La dedizione di Anna Maria Zaccheddu, che si occupa della comunicazione scientifica e che per prima mi ha contattato per invitarmi a partecipare alla maratona. La sensibilità e la creatività di Filippo Soldi, il regista del cortometraggio Il turno prodotto da Rai Cinema.
La partecipazione della bella Milly Carlucci, che mi ha intervistato in studio. E infine la lungimiranza e la professionalità di Francesca Pasinelli, il direttore generale di Telethon. Persone come loro, completamente dedite alla nobile missione di Telethon, stabilita ormai vent’anni fa, sono la linfa vitale di un’organizzazione come questa. Ho assistito a numerosi esempi di altruismo, ma credetemi, dovete essere davvero molto orgogliosi di quello che state facendo.
Un altro elemento che rende questa organizzazione così speciale è il fatto che finanzi la ricerca sulle malattie genetiche. Non sono malattie gradevoli. Né sono di quelle che attraggono facilmente l’attenzione dei media. Sono invece malattie incurabili, che raccontano soltanto storie di vite in declino: un destino deciso da un lancio del dado dei nostri geni. Chi ne soffre e chi si prende cura di questi malati in genere non è a proprio agio sotto i riflettori. Né ha tempo per spiegare al mondo quanto difficile sia la propria vita, perché la sua energia è interamente dedicata ad arrivare al giorno successivo.

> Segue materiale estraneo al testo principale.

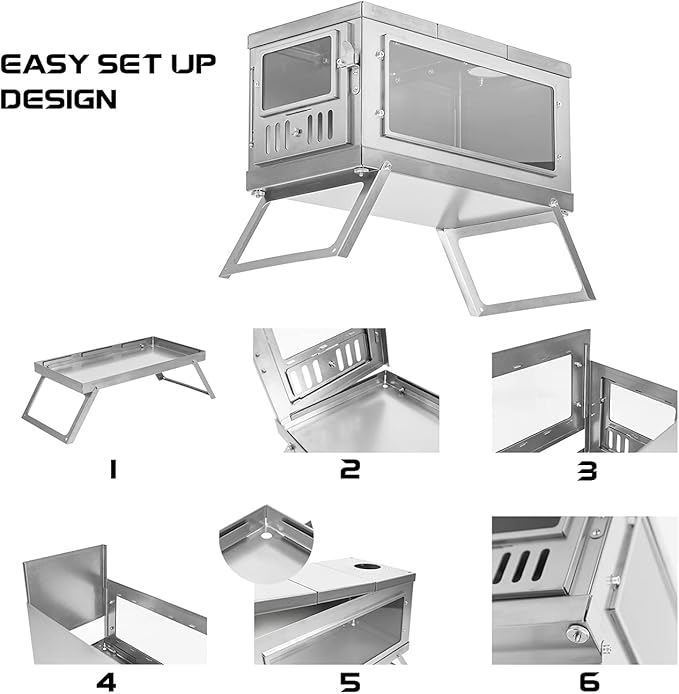 - 【DETACHABLE STOVE BODY DESIGN】We designed the four side walls of the Timber stove into an detachable structure. This structure not only makes the stove more portable, but also makes campers clean the wood stove more easily.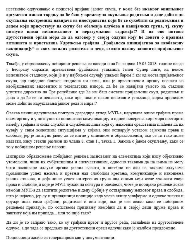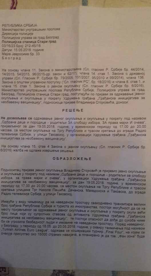 Већ заказан протестни скуп родитеља за 19.05.2018. године у Београду, са почетком у 17 часова, напрасно је забрањен од стране власти Србије због како се наводи “високог ризика”. Тачније, у смушеном и невешто сроченом решењу стоји: “… да окупљање није дозвољено када постоји угрожавање безбедности људи и имовине, јавног здравља, морала, права других или безбедности Републике Србије…”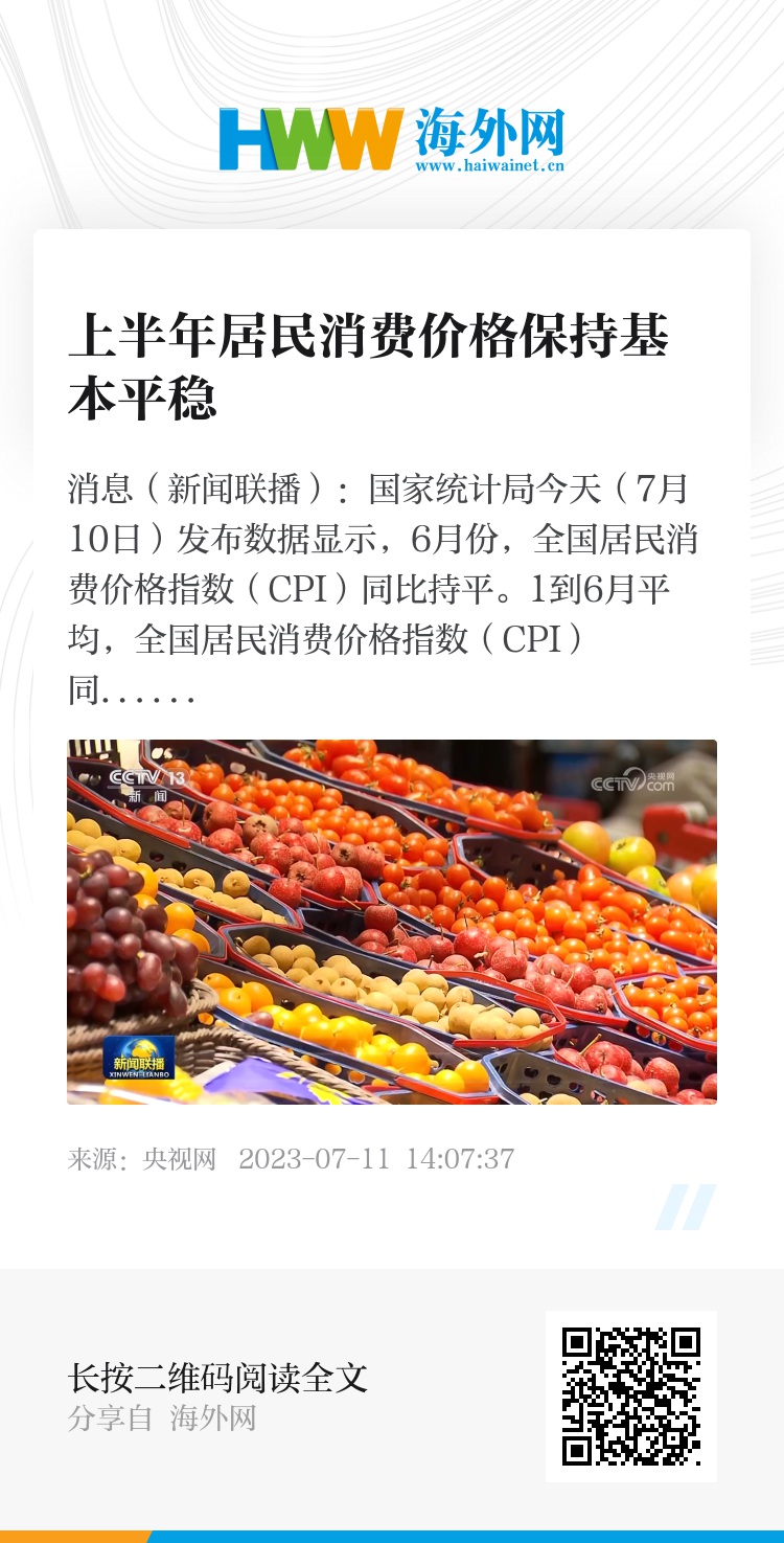 央视网消息(新闻联播):国家统计局今天(7月10日)发布数据显示,6月份,全国居民消费价格指数(CPI)同比持平。1到6月平均,全国居民消费价格指数(CPI)同比上涨0.7%。

È così bello quindi che Telethon abbia deciso di diventarne il portavoce. E gli italiani si meritano un applauso speciale: perché non si sono fatti scoraggiare dalla condizione apparentemente senza speranza di questi malati e hanno donato oltre 31 milioni di euro nonostante ci troviamo nel mezzo di una delle peggiori recessioni vissute da questa generazione.

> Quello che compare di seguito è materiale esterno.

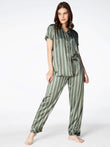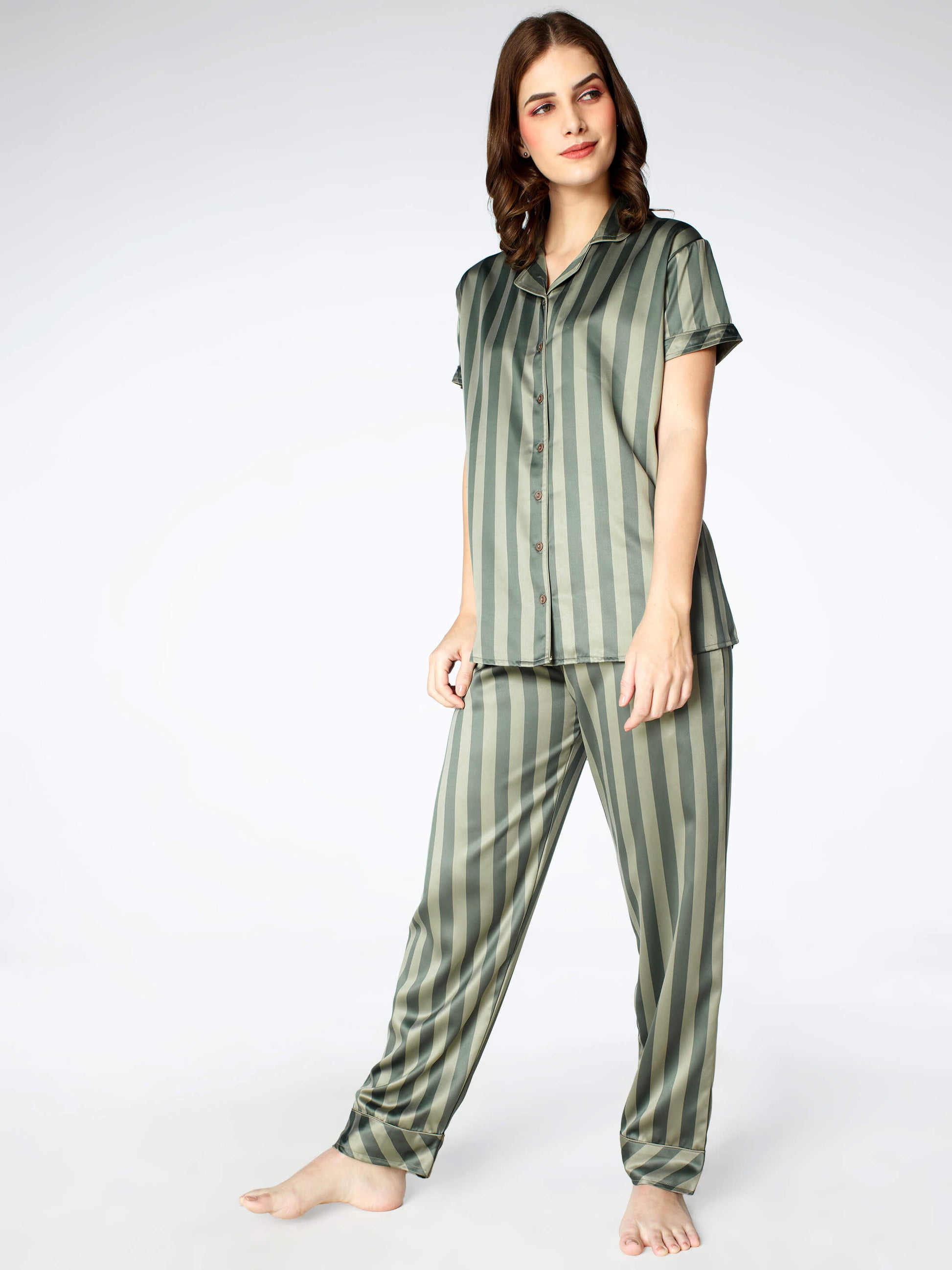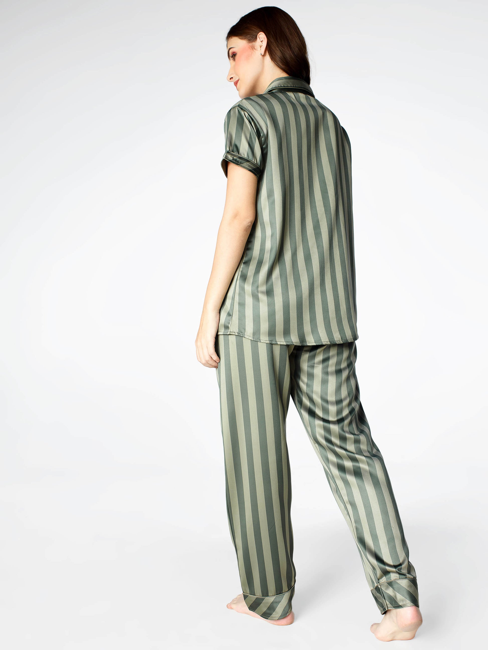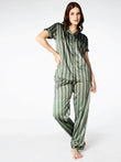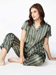 Zeyo Womens Satin Stripes Printed Night Suits Olive Green Shirt & Pyjama set

Vedete, non sono soltanto i soldi che contano (ovviamente fondamentali per far avanzare la ricerca), ma anche l’atto di donare. Per chi soffre di una malattia come la mia, non c’è niente di più prezioso del sapere che persone più fortunate riconoscano veramente il nostro problema.

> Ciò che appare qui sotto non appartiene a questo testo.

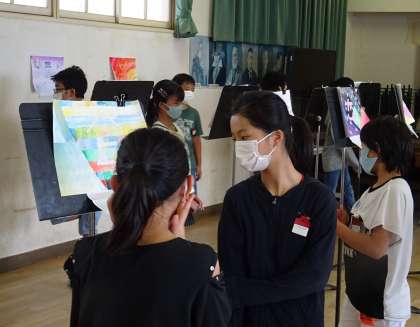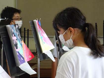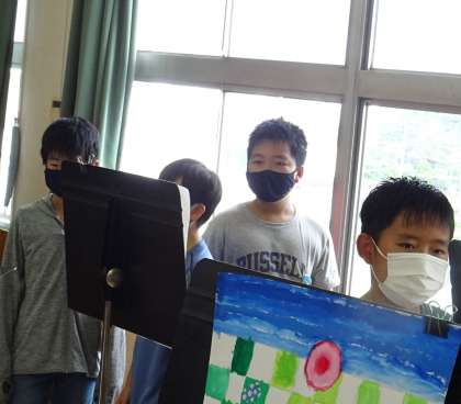 6年生は、お互いのクラスの作品を鑑賞し合いました。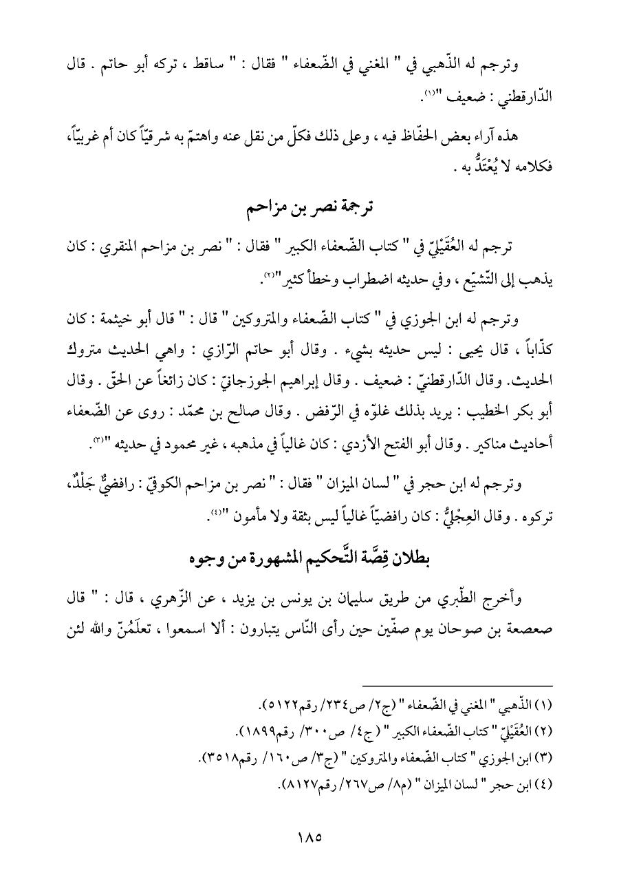 وترجم له ابن حجر في " لسان الميزان " فقال: " نصر بن مزاحم الكوفيّ: رافضيٌّ جَلْدٌ، تركوه. وقال العِجْليُّ: كان رافضيّاً غالياً ليس بثقة ولا مأمون " (¬٤).
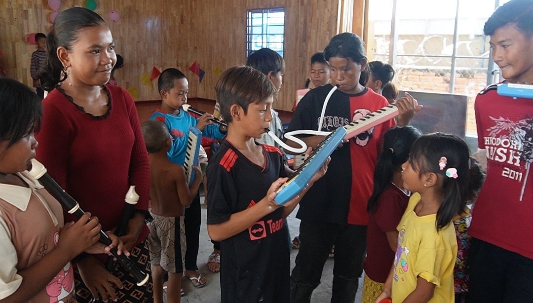 ピアニカを演奏するカンボジアの子供たち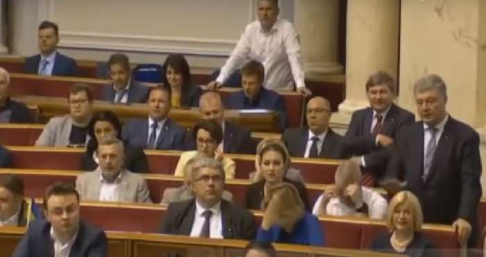 Під час засідання Верховної Ради президент Володимир Зеленський швидко вгамував партію «Європейська соділарність» Петра Порошенка. Так, новоспечений голова ВРУ Дмитро Разумков зачитував постанову про попереднє схвалення зняття депутатської недоторканності.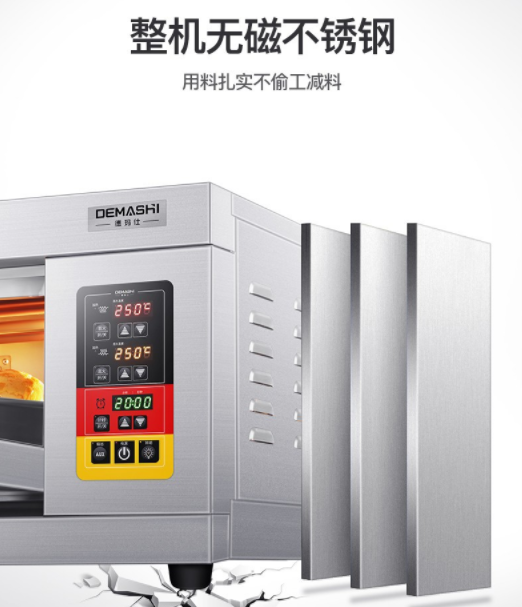 溫度范圍400度,烤箱的材質材質就是前面不銹鋼,后面烤漆板, 內部免漆板 ,保溫層9公分厚,帶6個記憶按紐,第一次設置好之后直接按記憶按鈕1、2、3、4、5、6,帶記憶、帶定時電腦版分層式電烤箱 紅外線電熱管。烤爐擁有多種規格:1層2盤、2層4盤、3層6盤、3層9盤,供您選擇。電烤箱要根據您現在使用的額定電壓發貨的,兩相電是220V,三相電是380V。建議用6平方線!60A空氣開關!一般商用的電器都是沒有插頭,為了更好保護設備和安全需要用到空氣開關,自備電線跟水管的,我們提供接線視頻的!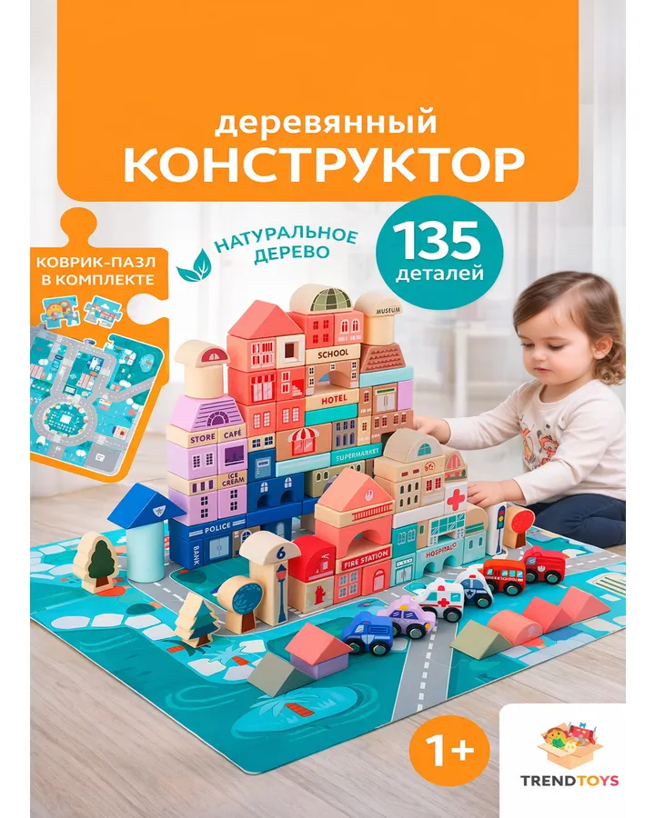 Конструктор TrendToys для малышей деревянный 135 дет.Очень понравился конструктор по качеству , интересный, хорошо выполнен, красивый к тому же. Удобный кейс и мешочек для хранения есть в комплекте

Qual è il mio unico rimpianto di questa mia avventura con Telethon? È semplice: il fatto di non saper parlare l’italiano, la più bella lingua del mondo. Quanto invece alla cosa più bella che mi è capitata… l’atmosfera scanzonata della maratona web? Oppure il suono dei festeggiamenti proveniente dalla stanza di Patty Pravo, accanto alla mia? O ancora, la migliore carbonara che abbia mai mangiato? O forse assistere e inchinarmi di fronte all’incredibile coraggio di mio fratello John, che ha accettato di farsi riprendere insieme alla propriadisabilità, ormai evidente? No, dopotutto.
La cosa più bella è stata trovare nelle persone che rendono Telethon quell’evento unico la conferma di come dalle più oscure tragedie che colpiscono l’uomo possa emergere lo splendore dello spirito umano.